Assignment
Only the pictures are to be dropped, and the rest of the data should be copied exactly.

Material provided
━━━━
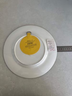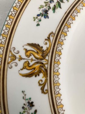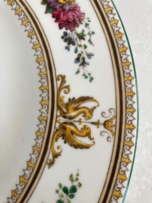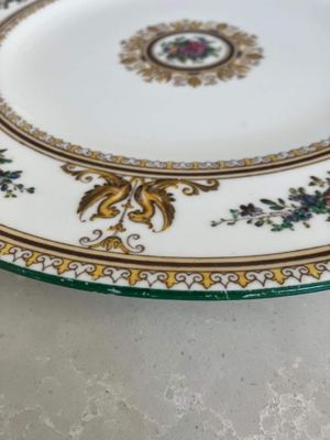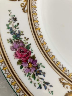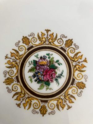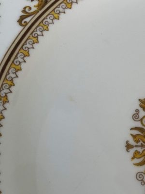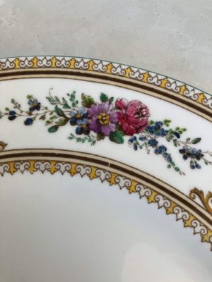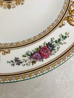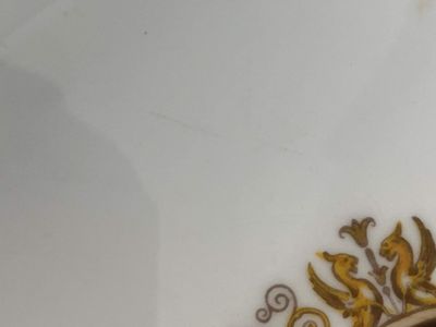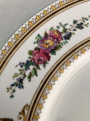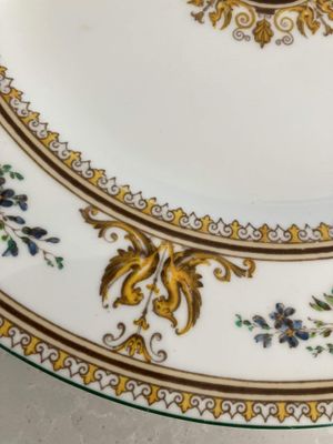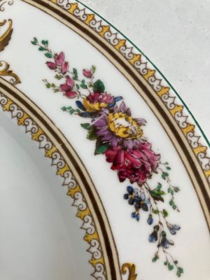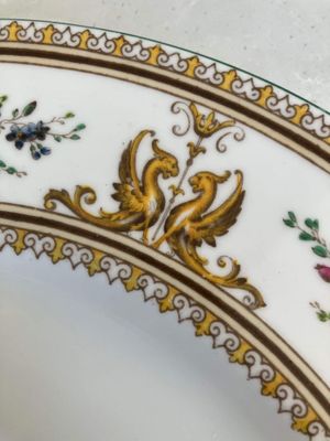 This elegant Wedgwood plate in the Columbia pattern features a fabulous design alternating floral vignettes and pairs of griffins with a central medallion. While there is a hanger on the back that obscures the usual details, the previous owner kindly recorded them and attached them on the back with a sticker. The D4 on the back indicates this plate was made in 1934. The design was produced for 73 years from 1924-1997. It is beautiful, elegant and in very good condition. There are a few minor surface scrapes and a very small area of minor discolouration (see photos) but they do not detract from the beauty of this plate that would be lovely hung alone or on a gallery wall (whether all plates or art and plates combined).
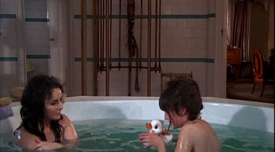 Taylor plays Leonora, a woman who truly is the "Madonna / Whore", as she's a prostitute who was a mom… but is now childless, still grieving years later over the mysterious loss of her daughter, and wondering how, as she grows old, she will be able to make ends meet (so to speak… a little hooker humor, there!). Enter Cenci, played by Mia Farrow, a motherless, mostly mute waif, who takes Leonora into her home. The antiquarian mansion seems to be deserted, and the two women enjoy tea time (Leonora eats like Henry the 8th… a little dig at Taylor's own growing girth?), tunes (Cenci sings an eerie traditional folk tune, Katie Cruel, to her makeshift mum), and even bath-time (rubber duckys and Sappho-zings go hand in hand, here). But their eerie idyll is interrupted when Cenci's stepfather (Robert Mitchum) , intrudes into the make-believe mommy / baby-girl liaison, bringing tragedy upon them all.
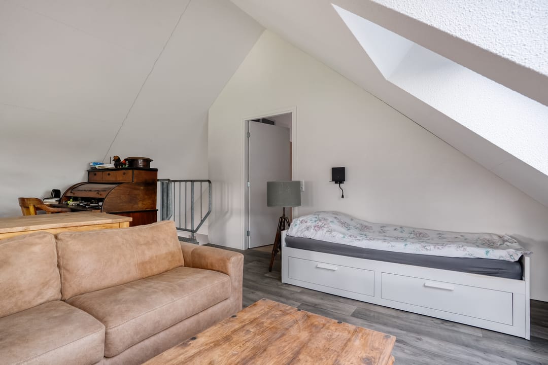 Op de eerste verdieping bevinden zich een slaapkamer met vide en een ruime berging, wat zorgt voor extra opslag en een speelse indeling. Eveneens kunnen hier eenvoudig extra slaapkamers worden gerealiseerd. De woning is daarnaast voorzien van een waterontharder.
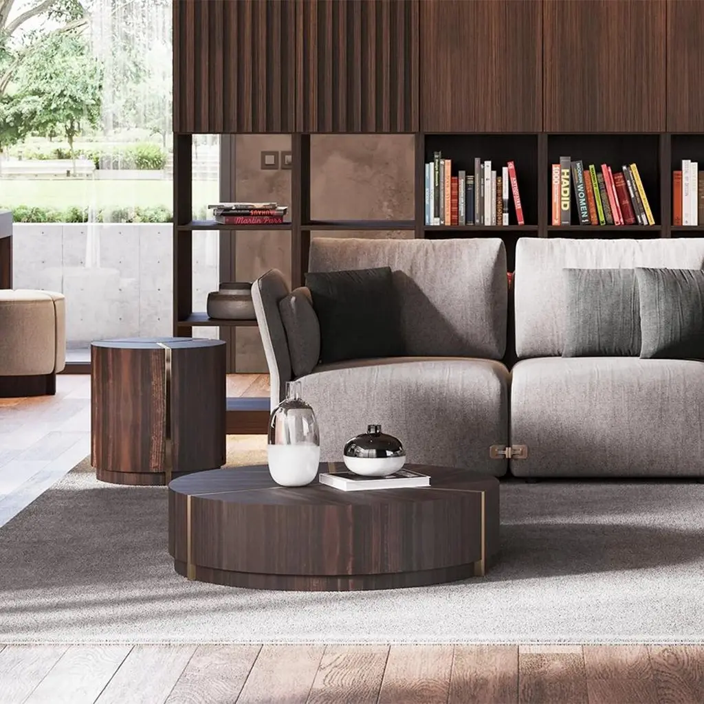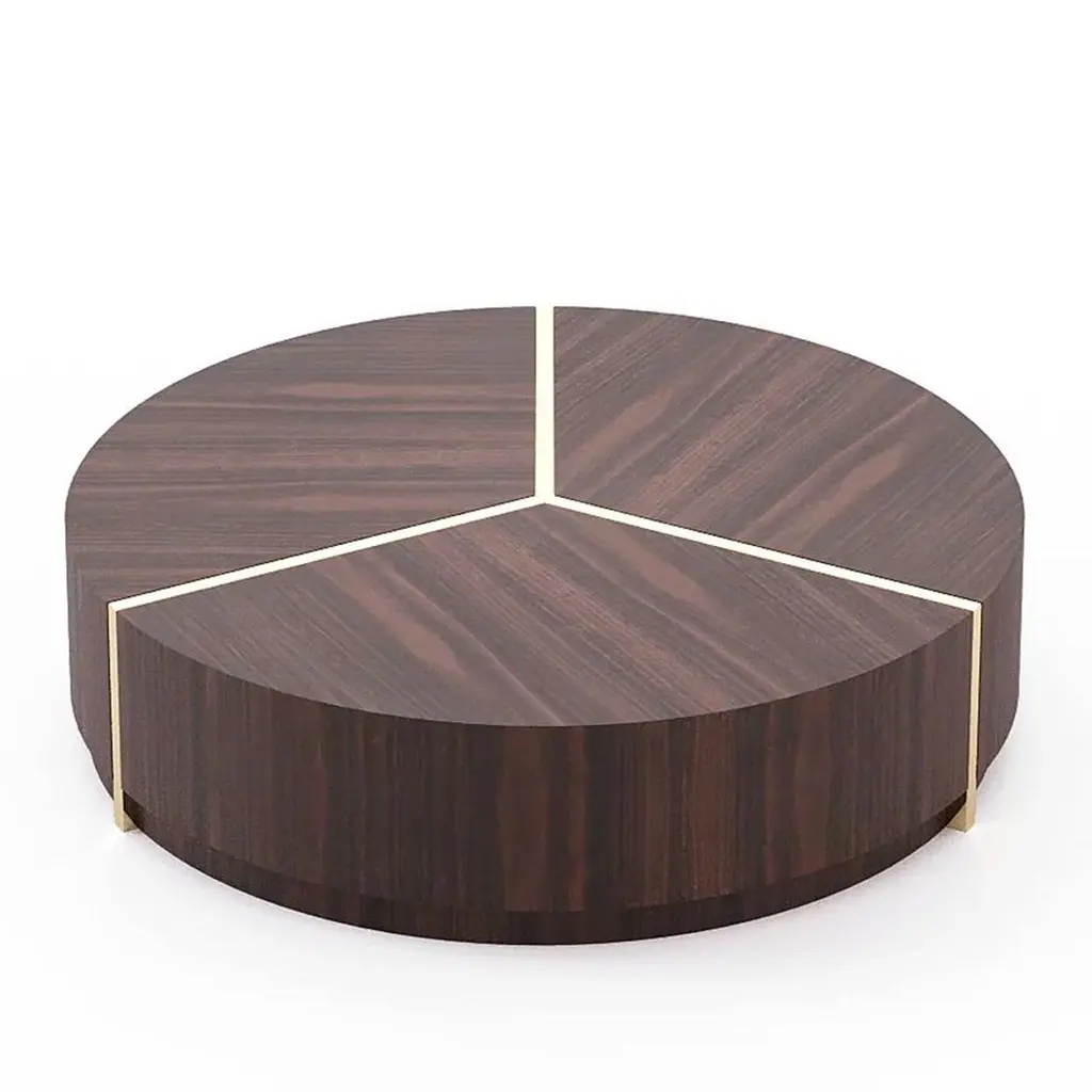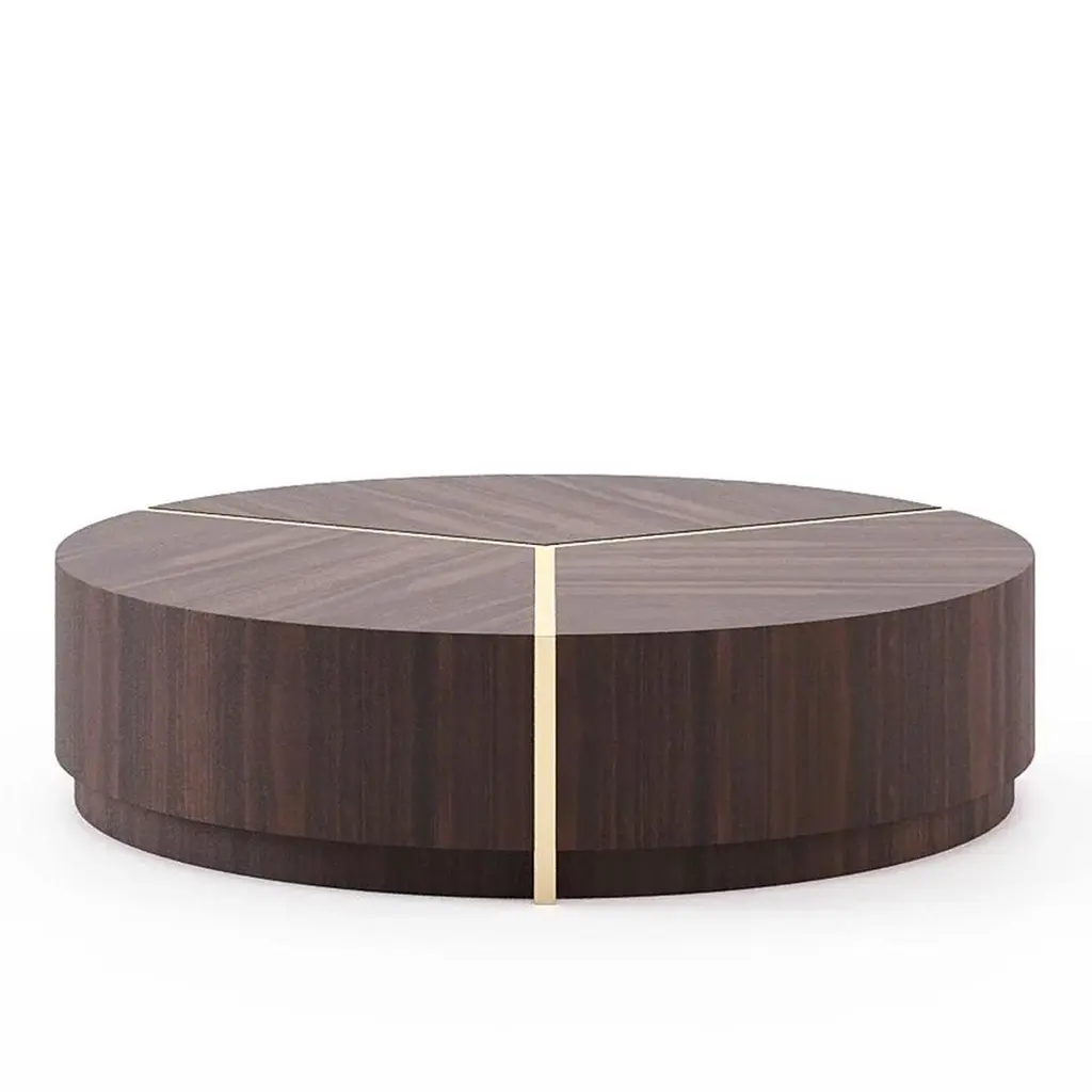 Coffee table Sega with structure in smocked eucalyptus veneeredwood in matte finish, with polished stainless steel trims in gold finish.Also available in ebony matte finish, or grey oak matte finish,or natural oak finish, or rosewood matte finish, or in walnutmatte finish, on request.
━━━━
Reply
 This elegant Wedgwood plate in the Columbia pattern features a fabulous design alternating floral vignettes and pairs of griffins with a central medallion. While there is a hanger on the back that obscures the usual details, the previous owner kindly recorded them and attached them on the back with a sticker. The D4 on the back indicates this plate was made in 1934. The design was produced for 73 years from 1924-1997. It is beautiful, elegant and in very good condition. There are a few minor surface scrapes and a very small area of minor discolouration (see photos) but they do not detract from the beauty of this plate that would be lovely hung alone or on a gallery wall (whether all plates or art and plates combined).
 Taylor plays Leonora, a woman who truly is the "Madonna / Whore", as she's a prostitute who was a mom… but is now childless, still grieving years later over the mysterious loss of her daughter, and wondering how, as she grows old, she will be able to make ends meet (so to speak… a little hooker humor, there!). Enter Cenci, played by Mia Farrow, a motherless, mostly mute waif, who takes Leonora into her home. The antiquarian mansion seems to be deserted, and the two women enjoy tea time (Leonora eats like Henry the 8th… a little dig at Taylor's own growing girth?), tunes (Cenci sings an eerie traditional folk tune, Katie Cruel, to her makeshift mum), and even bath-time (rubber duckys and Sappho-zings go hand in hand, here). But their eerie idyll is interrupted when Cenci's stepfather (Robert Mitchum) , intrudes into the make-believe mommy / baby-girl liaison, bringing tragedy upon them all.
 Op de eerste verdieping bevinden zich een slaapkamer met vide en een ruime berging, wat zorgt voor extra opslag en een speelse indeling. Eveneens kunnen hier eenvoudig extra slaapkamers worden gerealiseerd. De woning is daarnaast voorzien van een waterontharder.
 Coffee table Sega with structure in smocked eucalyptus veneeredwood in matte finish, with polished stainless steel trims in gold finish.Also available in ebony matte finish, or grey oak matte finish,or natural oak finish, or rosewood matte finish, or in walnutmatte finish, on request.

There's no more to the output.